L’effet Downing-Kruger, simplement posé, est l’impression de savoir. C’est à dire, moins on sait, plus on est persuadé de savoir.

En effet, si on applique ce précepte à la vie d’un collectionneur ou d’une collectionneuse, vous allez vite comprendre ce que j’essaie de vous faire voir.

Tout commence par une montre. Un cadeau, qu’il vienne d’un proche ou de soi-même, peu importe. Peut-être un simple modèle à quartz, ou peut-être que c’est ce pote un peu bizarre qui vous a offert votre première montre mécanique en vous disant : “N’oublie pas de la remonter chaque jour !”. Pour moi, ce fut un cadeau pour mes 18 ans : une Longines Conquest Chrono. Avec un bon vieux ETA 7750 des familles à l’intérieur. Privilège de grandir dans une famille de commerçants dans l’horlogerie et la bijouterie.

Un jour, l’ennui ou la curiosité nous prend, et nous pousse sur Internet, où l’on découvre une histoire, une technique, un savoir-faire, une spécialité.

Et là, c’est le trou noir. Vous vous réveillez un matin avec 35 montres.

Les étapes communes

Comme je l’écrivais plus haut, c’est souvent une montre qui nous amène à cette curieuse passion coûteuse. Une sorte de faille spatio-temporelle qui nous propulse dans un monde particulier.

Mettons-nous d’accord sur ces étapes communes : hormis le départ, c’est souvent l’apprentissage technique qui nous donne envie d’acquérir une automatique. Trois options : Seiko, Tissot ou Orient. À ce stade, il ne s’agit même pas encore d’une question de moyens. C’est une autre barrière psychologique qui nous retient. Nous n’avons pas de notion des prix. Dépenser plus de 1000 euros pour un objet qui ne faisait pas partie de notre vocabulaire il y a encore trois semaines semble absurde. Même quand on gagne bien sa vie. Et heureusement! Imaginez acheter une Hublot en première montre. Le regret arriverait vite. On n’est pas prêt à investir 5-6000 balles pour un nom, sans comprendre d’où vient le prix.

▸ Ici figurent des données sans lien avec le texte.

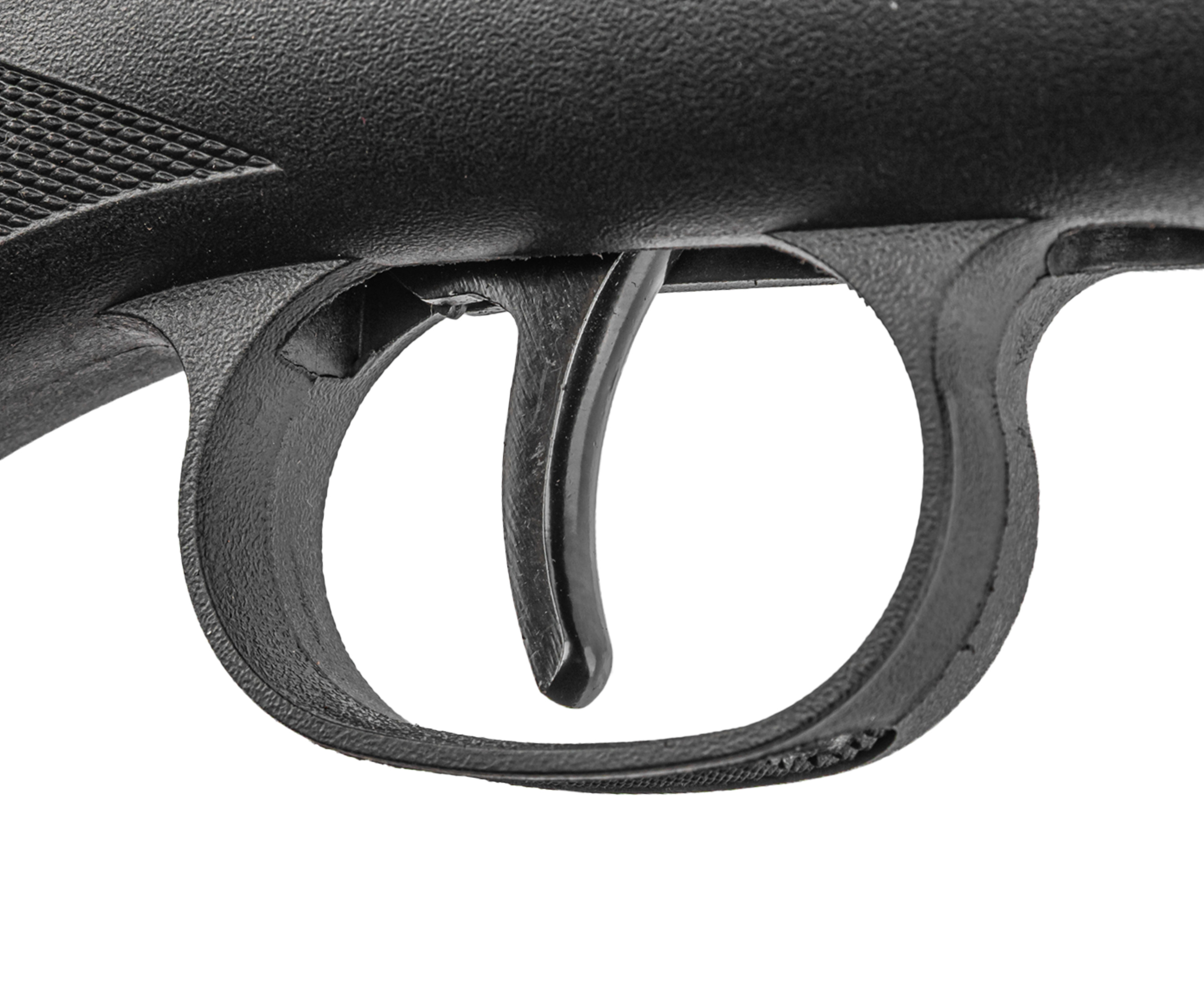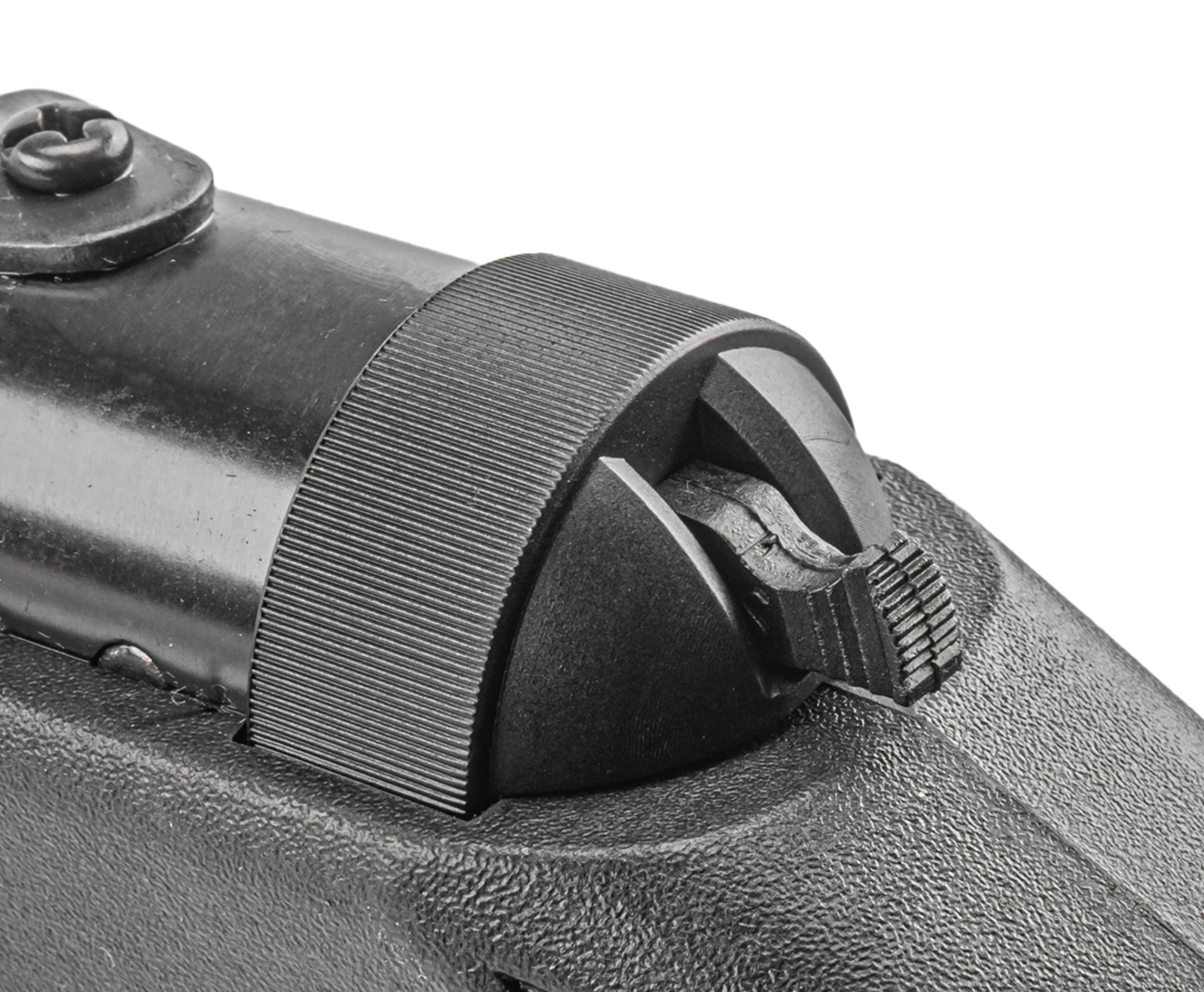 Блокировка снимается переключателем, расположенным с торца коробки. В процессе переламывания также происходит сжатие витой пружины, отвечающей за компрессию. При взаимодействии с триггером она распрямляется и толкает поршень - сжатый воздух затем из цилиндра устремляется в канал ствола.

Étape 2 : laissez mijoter un moment et hop ! Vous achetez votre première vintage. Forcément, vous avez fait vos devoirs. Vous avez lu sur les mouvements, les techniques, et les grandes maisons qui ont fait avancer l’horlogerie. Vous voilà sur le marché pour une Omega Seamaster, voire même tenté par un modèle plaqué. Alors qu’il y a encore quelques mois, cela vous aurait horripilé.

Maintenant que vous avez bien mis les pieds dans le vintage, vous en apprenez plus sur l’histoire des marques et de l’horlogerie. Vous en comprenez maintenant l’importance sociétale et commencez à maîtriser les codes. Vous lisez à propos de Steve McQueen et vous voilà fan d’Heuer. D’ailleurs, vous avez même compris ce que TAG veut dire. Vous le répétez fièrement à vos amis moldus ou à votre partenaire qui n’avait pas signé(e) pour ça. “Tu savais toi que ça voulait dire Technique d’Avant-Garde ? Hein ?”.

James Bond sort de la télé et entre dans votre vie d’une nouvelle manière. Vous commencez à rêver d’avoir toutes les montres des films. Spoiler alert si vous en êtes à cette étape : vous n’achèterez que les Seikos.

C’est la première fois qu’une Rolex vous fait de l’œil. La Daytona de Paul Newman, la 5513 de James Bond, peu importe. Mais bon, celles-là oui, mais Rolex en général c’est non !

Je sais pas ce qu'il porte sur cette photo mais on s'en fou.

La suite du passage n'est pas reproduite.